For Connectionists, learning is what the brain does, and therefore the task is one of reverse-engineering. The brain learns by adjusting the strengths of connections between neurons. The primary challenge is figuring out which weights are responsible for which errors, and adjusting accordingly.
The Connectionist master algorithm is backpropagation, in which the difference between system output and desired output is fed back to the neural network, layer after layer, in an effort to close the gap.
Hebb's Rule: "Neurons that fire together wire together."
Knowledge is not stored in any one location, but is diffuse in the connections.
Mathematical model of the simulated neuron heavily inspired by the biological neuron:
Perceptrons were the original artificial neurons, with one layer of weights to learn and a binary threshold activation function. The weighted vote scheme effectively describes a hyperplane that divides the space of input vectors.
Learning with artificial neurons is about comparing output and reality and adjusting accordingly.
The non-linearity in the activation function keeps the whole network from collapsing into a linear operation. And non-linear systems are simply more capable and fun.
Credit Assignment Problem: If we layer neurons, how do we know which hidden layer node weights to nudge when learning?
Revenge of the knowledge engineers: Misky & Papert Perceptrons (1969), stalled research into connectionist ideas for a decade.
Maths breakthrough (well, statistical physics): Hopfield nets (1982)
From deterministic physical model to a probabilistic one: Boltzmann machines (1985)
Early brekathrough arrived when binary thresholding step was replaced with the softer function of phase transitions — the S-curve, the sigmoid. Moving from discrete output to continuous made a substantial qualitative difference. Sigmoids provided "a safe half-way house between dumb linear functions and hard step functions."
Backpropagation (1986): Assigning credit through a cascading process of nudges one layer at a time in a multi-layer perceptron configuration. (With differentiable, "soft" activation functions.)
Backpropagation is an efficient way to do gradient descent optimisation in a multilayer perceptron. No mathematical guarantee about avoiding local minima, but that's okay: high dimensionality helps, and we don't want to overfit with global optimum anyway.
Backprop can handle one hidden layer, no problem. A few hidden layers, doable. A few more and it's not as smooth sailing.
Large neural networks are trickier to train, so the name of the game is designing networks that work well with the application in mind.

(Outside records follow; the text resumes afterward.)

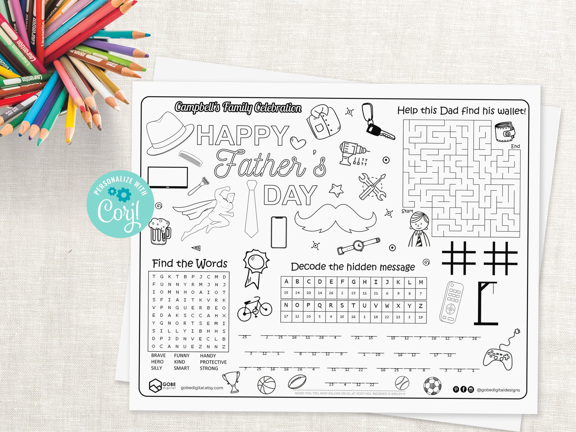 This listing includes 2 files: one letter size (8.5 x 11 inches) and a placemat size (11 x 14 inches).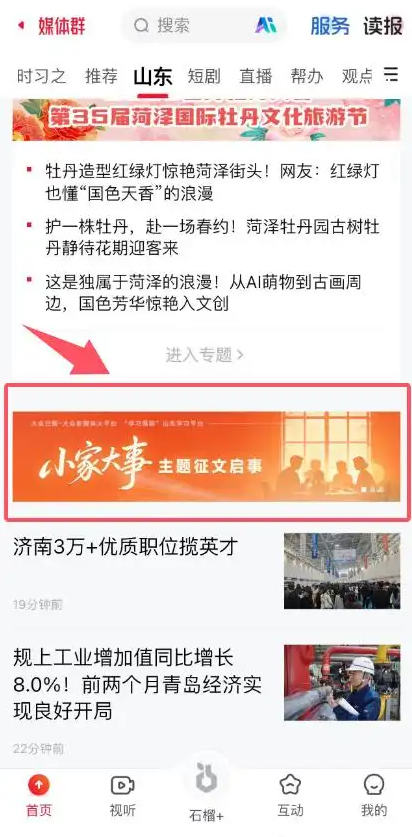 方式一:登录大众新闻客户端,在推荐或山东频道“小家大事”主题活动交互页面,在线上传参赛作品(单个注册号仅限投稿1篇)。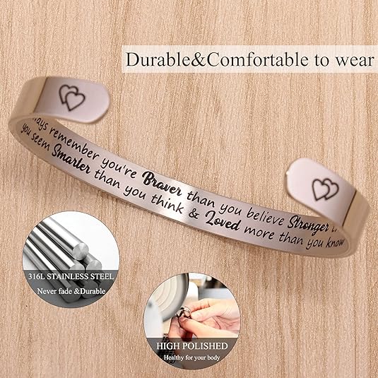 • Inspirational Bracelets Material: 316L stainless steel. It will not rust, stain or fade. Simple, elegant bracelet, will not scratch the skin. Cuff bracelets also can be teen girl gifts, gifts for teenage girls to encourage her to live better.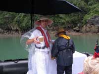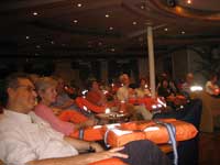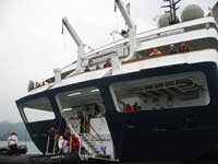 | Safety briefing .. | The Orion II .. | with zodiac launching platform. | Ready for the rain .. | ..and the tourist boat. |
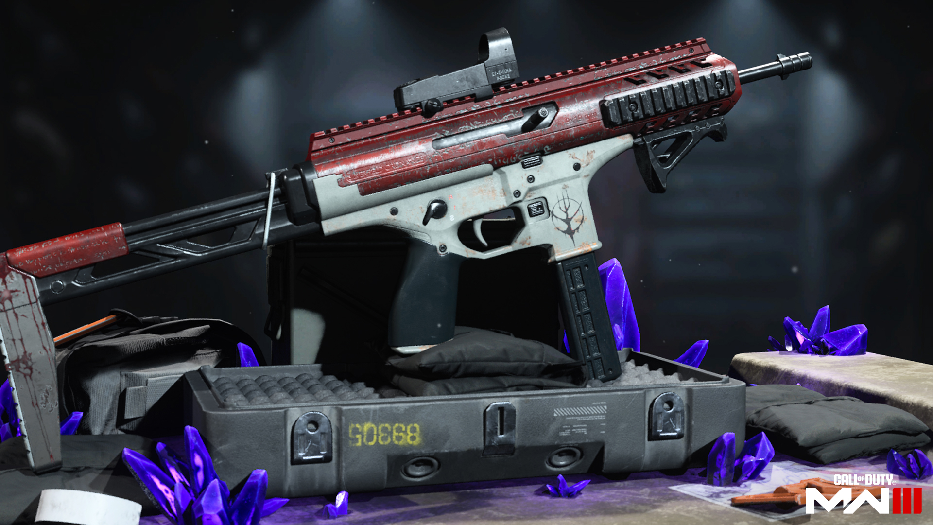 Enter battle from another plane and as a warrior without equal using the “Titan” Operator Skin for Bantam, featuring animated alien designs over tough upper body armor and a helmet of alien design. Equip two Weapon Blueprints with Netherblaze Tracers and the Netherburst Death Effect: the “Primordium” SMG, crafted with an animated alloy and geared for mid-ranged precision; and the “Quasar” LMG, outfitted with a bipod mount and muzzle flash concealment for precise, low-profile engagements.

It's still backpropagation, today. Just with better optimisation, more data, faster computers. GPUs significantly speed up learning by enabling massively parallel computations.
Some neural network architecture advances:
- Autoencoder (80s) — input and output are the same, network effectively learns a filter
- Recurrent Neural Network, RNN (80s, 90s) — network layers capture a temporal sequence
- Long short-term memory, LSTM (1997, 00s) — gate architecture RNN, with feedback loops
- Gated recurrent unit, GRU (2014) — simplified LSTM w/ forget gate
- Sparse Autoencoder (2010s) — large hidden layers, most of which are dark for any given input
- Stacking Autoencoders (2010s) — deeper layers use previous hidden layer as input/output
- Convolutional NNs (2010s, old idea) — deeper layers use previous output layer + some spatial coherence maths
- Generative adversarial network, GAN (2014) — two neural networks contest, optimising one another
- U-Net (2017) — deep convolutional net for image segmentation, with wires connecting early and late stages of the network
The Connectionists — Conclusion
Connectionists are in the business of reverse-engineering the brain, building computation inspired by the network structure of biological neurons. In artificial NNs, knowledge lives in network weights. Learning, inspired by Hebb's rule, is a matter of adjusting the weights.

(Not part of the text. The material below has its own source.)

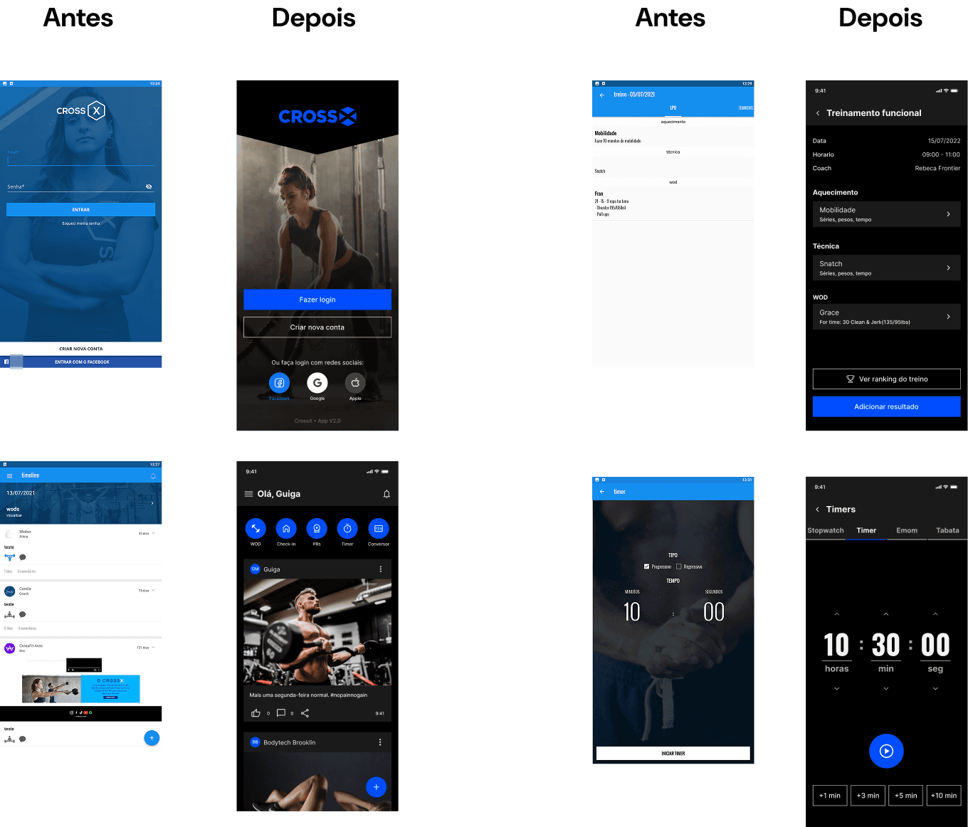 Redesenhar toda a experiência do app, melhorando todos os fluxos quebrados, trazendo novas funcionalidades e um layout e desing novo que tivesse a uma pegada mais lifestyle e agressiva do Cross Training.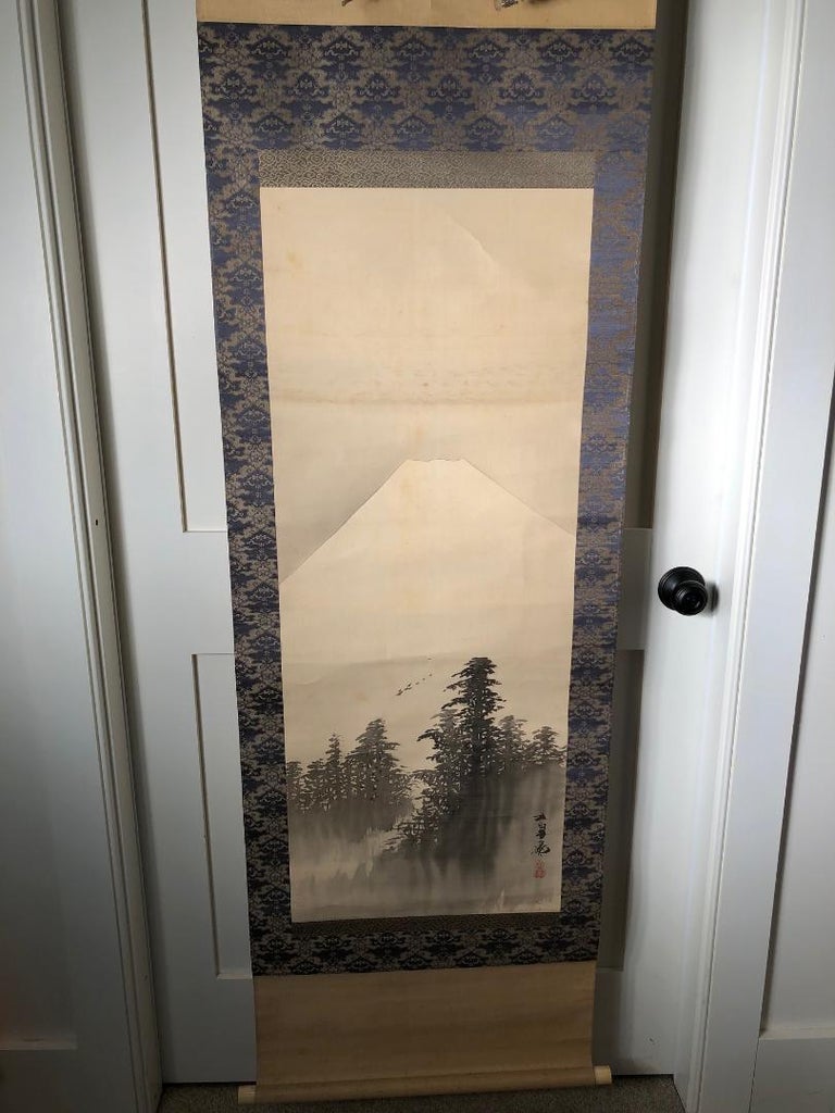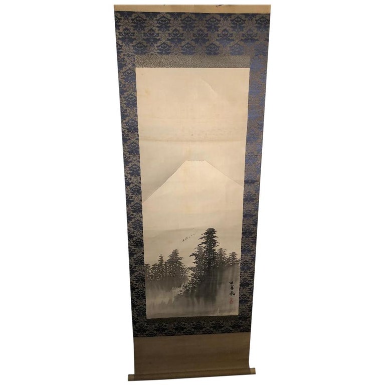 Japanese silk painting mount fuji. Superb japanese painting on silk mt fuji water trees boats scene signed stamped. Antique kawabata gyokusho mount fuji japanese landscape painting hanging scroll. Icon mount fuji splendor japanese fine hand painted silk scroll located in shelburne vt japan an eerie sense of great age and splendour is what you might feel when you gaze at this beautiful scroll of mount fuji.

A neural net can learn more complex functions, if it has many layers and nonlinear activations between the layers. Backpropagation was a key connectionist breakthrough that showied how to solve the credit assignment problem of a layered configuration.

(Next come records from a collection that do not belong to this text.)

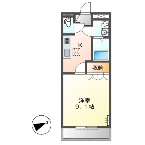洋室 9.1帖 1室 / |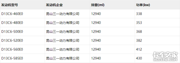 动力链应该是大家最关心的了,根据公示信息,新款车型搭载的是三一自主的三一道依茨D12和D13两种发动机,其中D13系列发动机最大可以输出585马力,并且满足国六排放标准,而D12最大输出是517马力,是国五标准。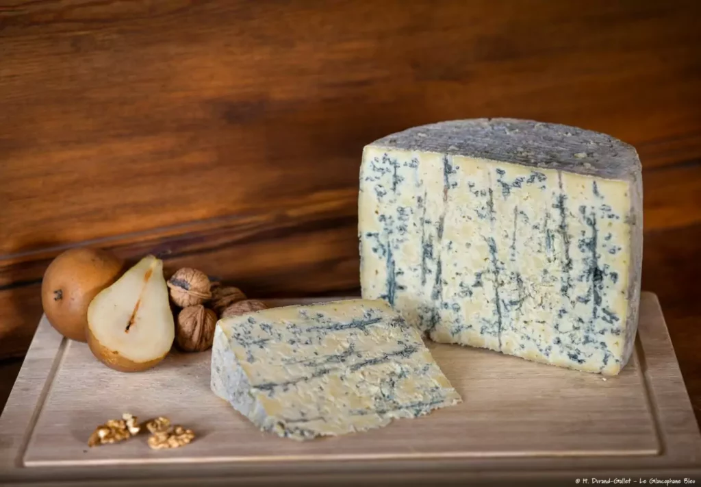 Pâte persillée affinée 2 à 3 mois. Fromage entier d’environ 3kg de forme cylindrique avec un croûtage sec.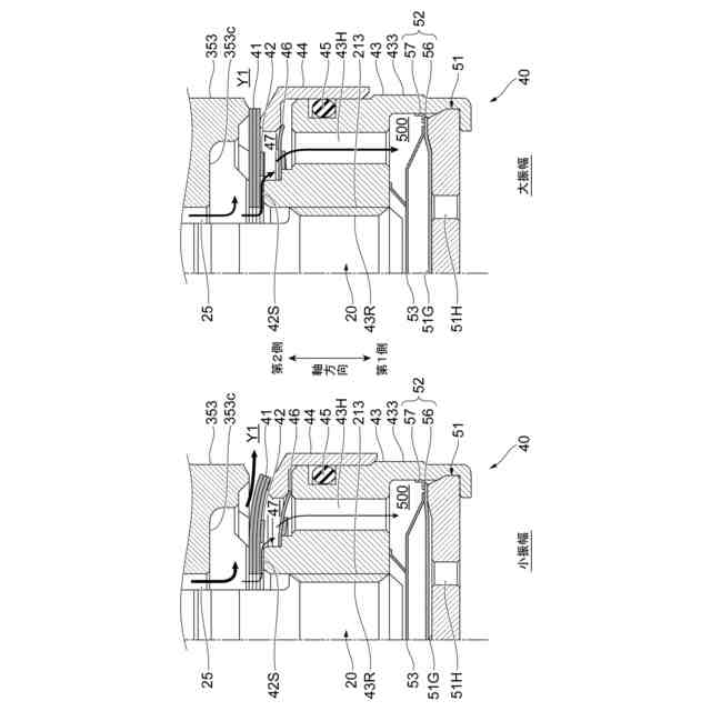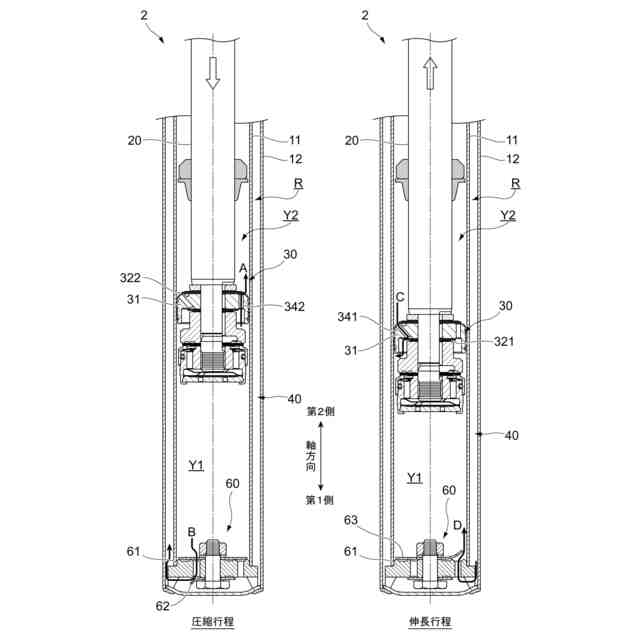 以下では、ロッド20の軸方向を、単に「軸方向」と称する場合がある。また、軸方向の第1側(図1では下側)、軸方向の第2側(図1では上側)を、それぞれ、単に「第1側」、「第2側」と称する場合がある。また、軸方向に交差する方向(例えば、直交方向)を、「半径方向」と称する場合がある。半径方向において、シリンダ11の中心線側を単に「内側」と称し、中心線から離れる側を単に「外側」と称する場合がある。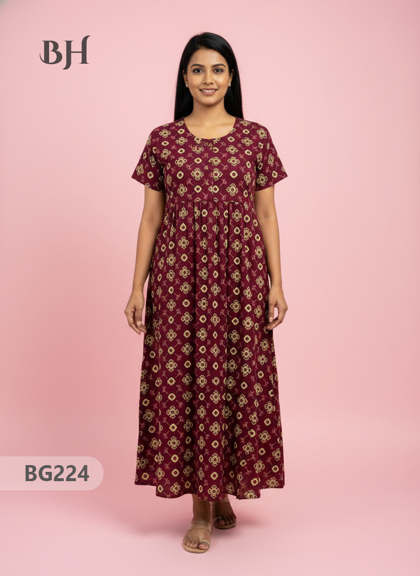 Wear as comfy nightwear or a relaxed at-home frock. Pair with lightweight slippers for cosy evenings or layer with a shrug for early-morning chores. The side pocket adds convenience for small essentials.

Connectionists are currently the hottest tribe. Deep learning has been moving forward at a crazy pace. In recent years, research into various deep neural net architectures has produced a whole smörgåsbord of exciting results in a wide range of application areas.
For Evolutionaries, learning is all about natural selection. By simulating it, we can build anything. The main challenge is learning structure: building the brain, building the nodes and connections that encode the solution to the problem. Parameter tuning can then follow as a secondary step.
The Evolutionary master algorithm is genetic programming, in which computer programs are mated and evolved like organisms in the natural world.
Ronald Fisher, early 20th C: Mathematical theory of evolution.
John Holland, 1960: A population of "genes" interacting, a disorderly search for fitness.
Fitness Function: Give a candidate program a numeric score to measure fitness for purpose.
Nature has no fitness function, but human systems naturally do.
System analogy of sexual reproduction:
- Gene — encoded data; a set of instructions, parameters for a process, a blueprint
- Population — a pool of genes, weighted to favour fit genes
- Crossover — exchange of data in which two parent genes split and recombine as offspring
- Mutation — point change in a data location in a gene
Artificial evolution allows for cheating, e.g., immortal genes.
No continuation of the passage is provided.